Starting at the first line of the entries below, restate each line exactly until you reach the line with "今日の給食は、牛乳、げんりょ", and print that one too. Leave the pictures out and stop there.

[[ Data for review open ]]

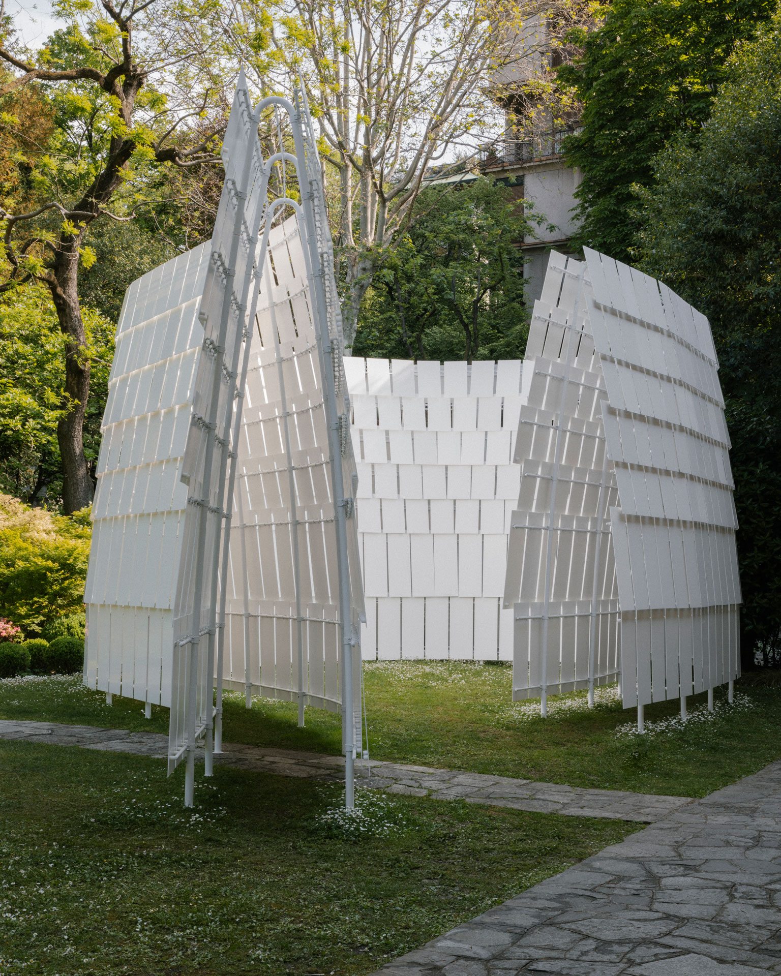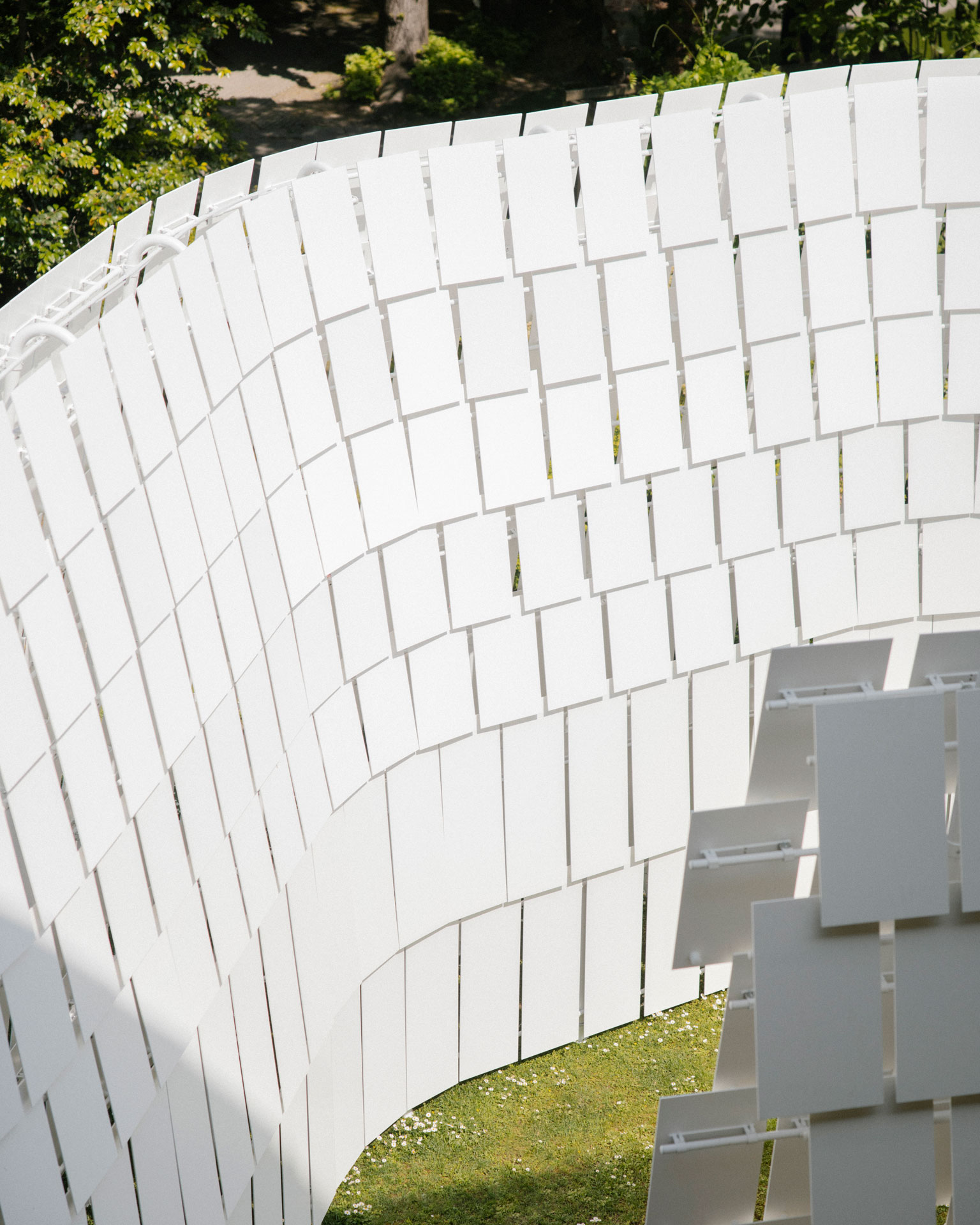 The installation, produced by UniFor, consists of a metal structure made of 20 portals, clad with solid surface shingles anchored to horizontal supports. The staggered arrangement creates fine openings that allow air and light to pass through.
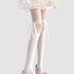 Lolita strappy pantyhose women’s thin cute ballet style bow lace white spliced ​​stockings anti-snagging
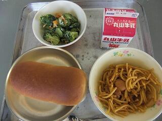 今日の給食は、牛乳、げんりょうコッペパン、スパゲティナポリタン、ブロッコリーのサラダ、です。
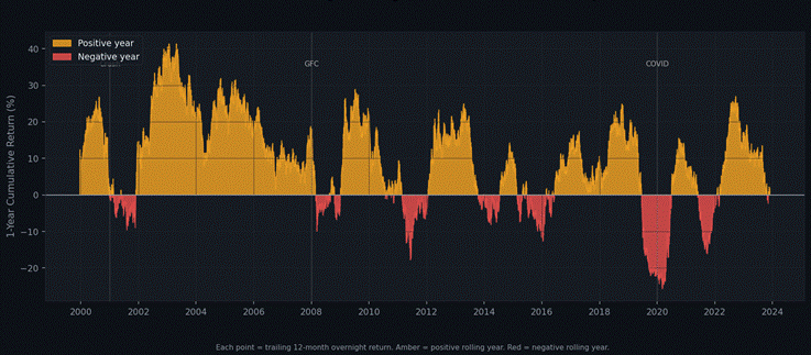 Chart 3 · 1-year rolling overnight return. Amber = positive year, Red = negative year.
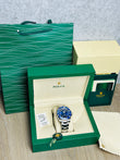 | Dial: | Blue dial with white luminous baton and original Rolex factory diamond hour markers . Date calendar window at 3 o'clock aperture. |
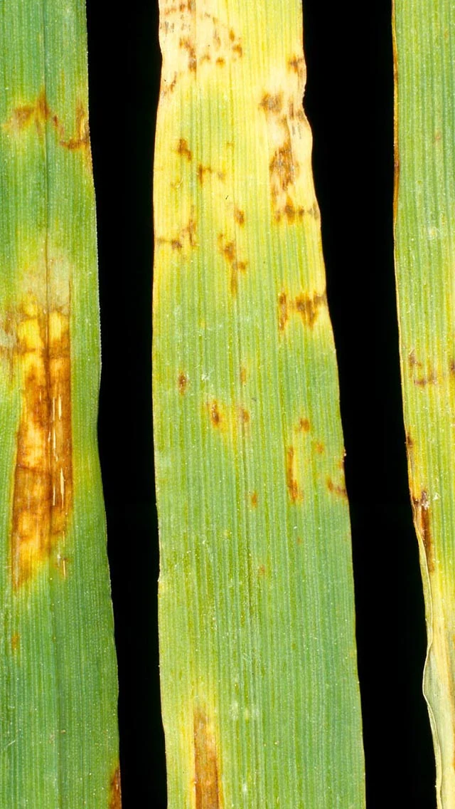 The first symptoms are very small, dark brown lesions on the leaves. These develop into short brown stripes or irregular blotches which, on close examination, are seen to consist of a network of brown lines. The ear can also be infected but lesions do not usually appear.
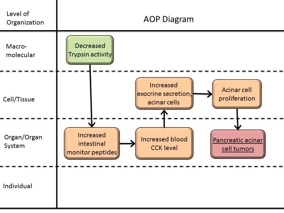 Therefore, the present AOP supports a pathway from trypsin inhibition to tumor formation originating from pancreatic acinar cells in rodents. The relevance of these findings to humans seems low, although some evidence of a TI-induced increase in blood CCK levels suggests the need for case-by-case risk assessment of pancreatic cancer in humans.

[[ Data for review closed ]]

> The completed task
 The installation, produced by UniFor, consists of a metal structure made of 20 portals, clad with solid surface shingles anchored to horizontal supports. The staggered arrangement creates fine openings that allow air and light to pass through.
 Lolita strappy pantyhose women’s thin cute ballet style bow lace white spliced ​​stockings anti-snagging
 今日の給食は、牛乳、げんりょうコッペパン、スパゲティナポリタン、ブロッコリーのサラダ、です。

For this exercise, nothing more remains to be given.